Inferior Officers
...the Congress may by Law vest the Appointment of such inferior Officers, as they think proper, in the President alone, in the Courts of Law, or in the Heads of Departments.
The appointment power has become one of the chief powers of the president. The “by law” language concerning inferior officers—sometimes known as the Excepting Clause—authorizes the president in certain cases to exercise the appointment power alone, or through the heads of departments who are themselves his appointees. That greatly expands the scope of the appointment power beyond the mechanism of Senate consent.
The Appointments Clause divides constitutional officers into two classes: principal officers, who must be appointed through the advice and consent mechanism; and inferior officers, who may be appointed through advice and consent of the Senate, but whose appointment Congress may place instead in any of the “three repositories of the appointment power” in the Excepting Clause. See Freytag v. Commissioner of Internal Revenue (1991); United States v. Germaine (1879). These two methods are the only means of appointing government officers under the Constitution. Most officers are considered inferior officers; but, significantly, most government employees are not considered officers at all. See Free Enterprise Fund v. Public Co. Accounting Oversight Board (2010).

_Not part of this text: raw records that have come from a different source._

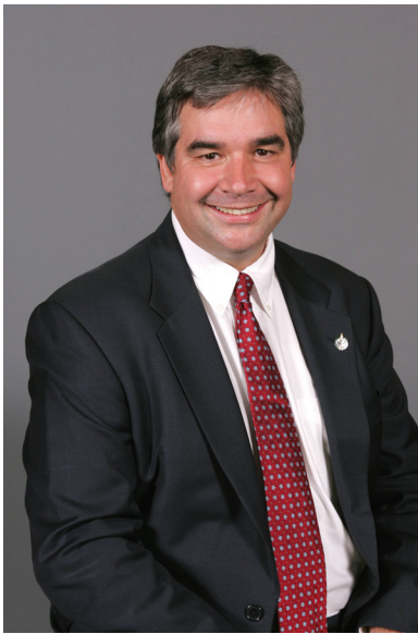
L'honorable Peter Van Loan Ministre du Commerce international
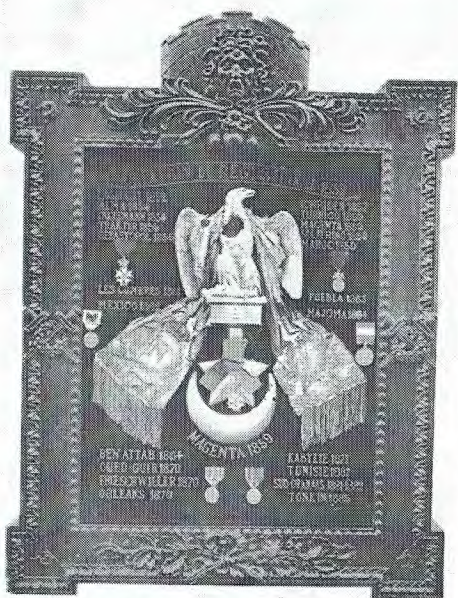
ALGERIE. — Histoire et le Drapeau de Zouaves.
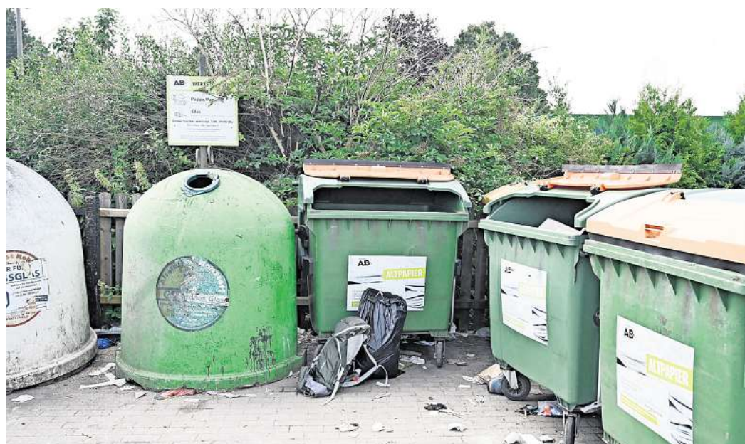
Die Wertstoffinsel am Saarlandring in Telgte gilt als Hotspot, wenn es um wild entsorgten Müll geht.

Liebe Leser, wenn Sie eine verschmutzte Wertstoffinsel sehen, mailen Sie bitte Fotos und eine genaue Standortbeschreibung an redaktion@paz-online.de .
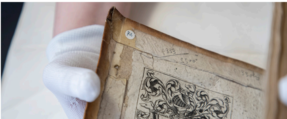
Des marques sur un livre des collections du musée

Plus tard, ces objets et ces livres entrent dans les collections du musée.
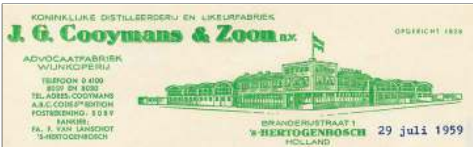
Afb. 11: Briefhoofd van de Koninklijke Coymans met een afbeelding van de (intussen al weer gesloopte) nieuwbouw aan de Branderijstraat. De naam van de straat is toepasselijk en dat is niet toevallig.
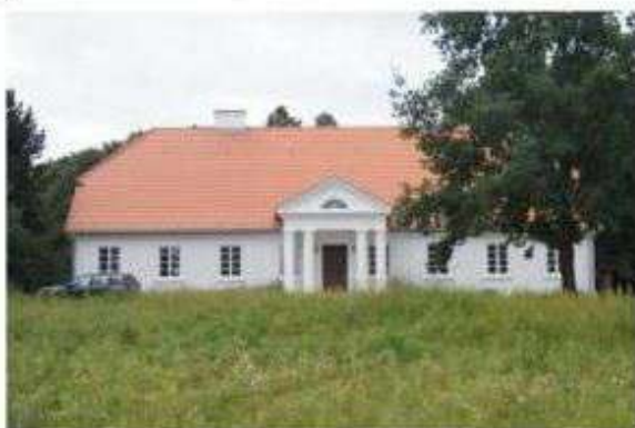
Byszewy – dwór po remoncie
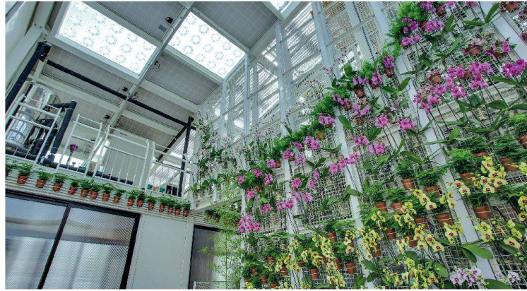
Das «Orchid House» vom Team der National Chiao Tung University Taiwan belegte den ersten Platz in der Kategorie Städtebau . Der Entwurf orientiert sich an Orchideen, die hoch auf Bäumen wachsen und von Sonnenlicht und Regenwasser leben. Analog zu den Blumen kann der leichtgewichtige Prototyp bestehende urbane Gebäude aufstocken, er wird über eine Photovoltaikanlage mit elektrischer Energie versorgt und nutzt Regenwasser zur Verdunstungskühlung sowie zur Tröpfchenbewässerung des vertikalen Grüns.
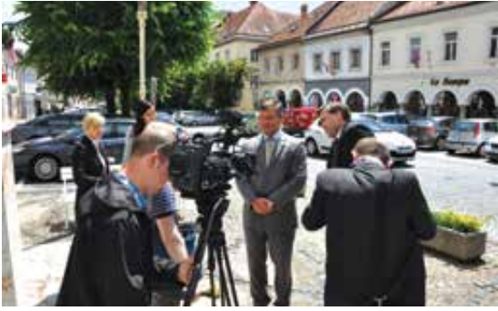
Glavna tema obiska ministra Gašperšiča je bila tretja razvojna os.
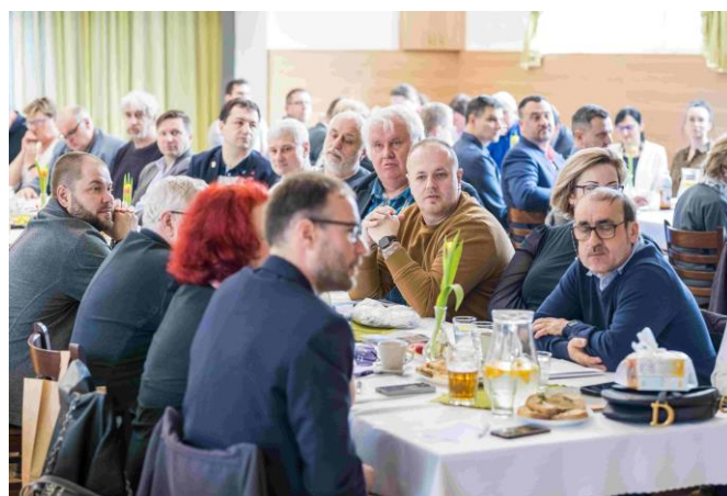
Účast členů SPOV OK na jednání valné hromady
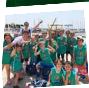
Sul lungo mare...
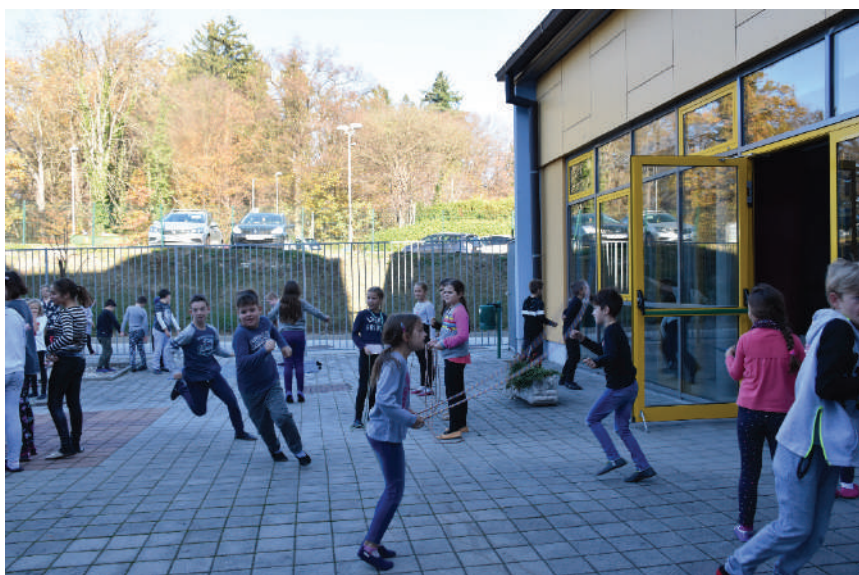
Rekreativni odmor
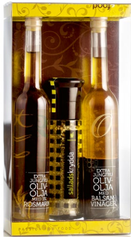
Fam. Labardi olivoljor & kryddkvarn. Innehåller en kryddkvarn med salladskrydda och två valfria olivoljor [ART. NR. 1131].
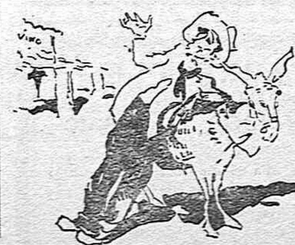
I.—El gitano, que ha bebido más de la cuenta, trata de subirse en su burro sin conseguirlo, pero se acuerda de que allá, en el cielo, tiene unos amigos y les pide ayuda.
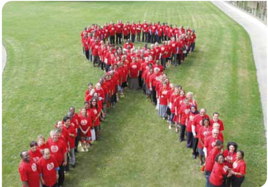
Conferencia Internacional del Trabajo de 2010 en Ginebra: Delegados/as que contribuyeron a la adopción de la nueva norma internacional laboral sobre VIH/SIDA.
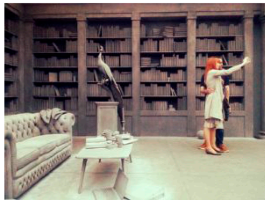
Hans Op de Beeck, The Collector's House , (2016). Courtesy of Marianne Boesky Gallery, Galleria Continua, and Galerie Krinzinger, Art Basel Unlimited, 2016.
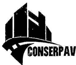
TABELA DE ENCARGOS SOCIAIS CONSTRUÇÃO DE UMA PONTE EM ESTRUTURA MISTA SOBRE O RIO BALSINHA, NA ZONA RURAL DO MUNICÍPIO DE BALSAS - MA LOCAL: BALSAS / MA

CLIENTE: PREFEITURA MUNICIPAL DE Balsa / MA TOMADA DE PREÇO Nº 07/2023
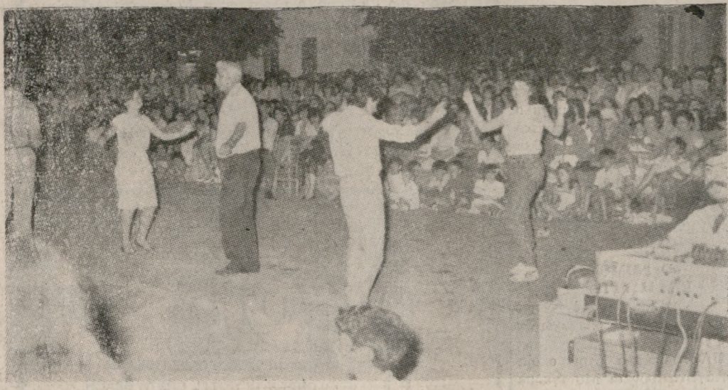
Οι κάτοικοι της Ν. Αλικαρνασού, γύρισαν το περασμένο Σαββατοκύριακο 61 χρόνια πίσω, και γιόρτασαν την επέτειο τους με διάφορες εκδηλώσεις. Ένα στιγμιότυπο από τις εκδηλώσεις αυτές έλεπε με την φωτογραφία μας.
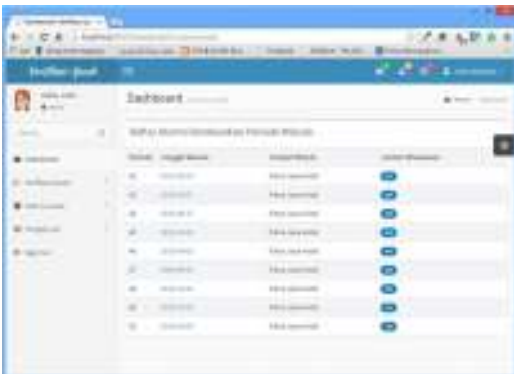
Gambar 13. Tampilan rekapitulasi lulusan per periode wisuda

Aplikasi berbasis web digunakan untuk berhubungan dengan pengguna akhir eksternal universitas. Pada aplikasi ini ada beberapa fitur utama yang berhubungan dengan validasi ijazah secara online yaitu: verifikasi ijazah via scan QR-Code, verifikasi ijazah via upload berkas digital, download berkas ijazah terlegalisir, data lulusan, serta halaman pengaturan.
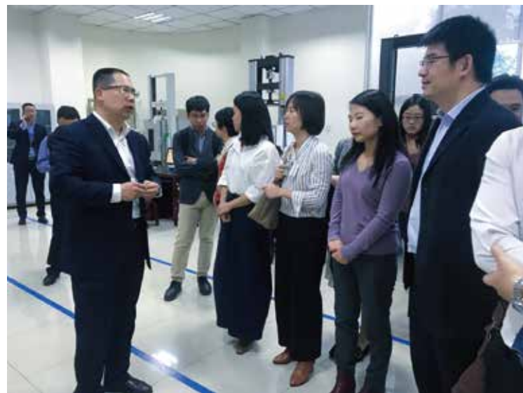
深圳证券交易所创业板公司管理部走访硅宝科技

2018年，公司按照中国证监会和深圳证券交易所的有关要求，及时、准确、公平的完成了定期报告和临时报告的编制披露工作，在巨潮资讯网共发布公告102份，确保所有股东能够公平、公正的获得公司信息，使广大投资者能够及时、全面的了解公司经营情况、财务状况、各项重大事项进展等情况。
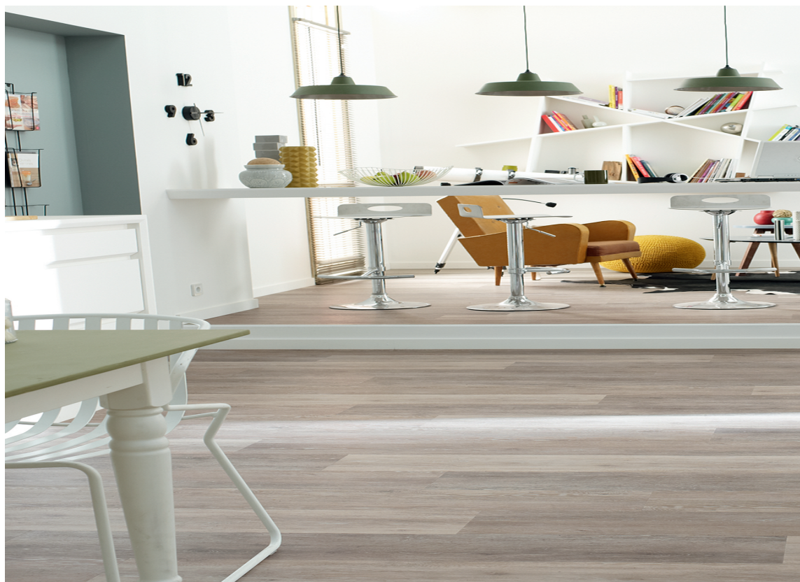
Klikkvinyl fra Starfloor, Tarkett.

Format (cirkamål, avhengig av produkt): tredesign: 20 cm x 100 cm; steindesign: 30 cm x 60 cm
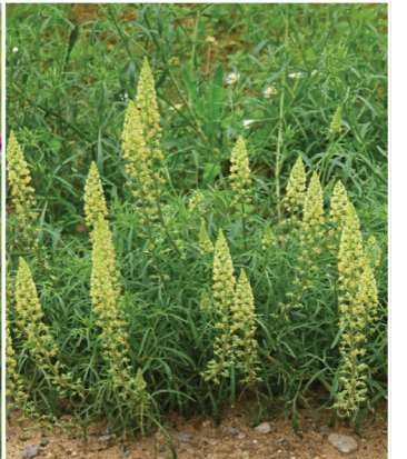
Reseda lutea Gelber Wau
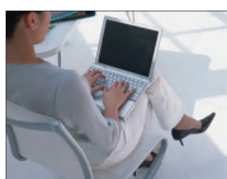
自分で更新できる
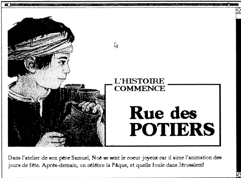
Fig 3. Début d'une "page" réalisée avec Storyteller

Fichier classique de recommandations diverses

Congress itself may not exercise the appointment power; its functions are limited to the Senate’s role in advice and consent and to deciding whether to vest a direct appointment power over a given office in the president, a head of department, or the courts of law. The Framers were particularly concerned that Congress might seek to exercise the appointment power and fill offices with their supporters, to the derogation of the president’s control over the executive branch. The Appointments Clause thus functions as a restraint on Congress and as an important structural element in the separation of powers. Attempts by Congress to circumvent the Appointments Clause, either by making appointments directly, or through devices such as “unilaterally appointing an incumbent to a new and distinct office” under the guise of legislating new duties for an existing office, have been rebuffed by the courts. Buckley v. Valeo (1976); Weiss v. United States (1994). Congress may attempt to define the qualifications for an office (particularly one that Congress creates) so restrictively that Congress effectively exercises the appointment power. The precise constraints on the ability of Congress to encroach on the appointment power in this way have not been established.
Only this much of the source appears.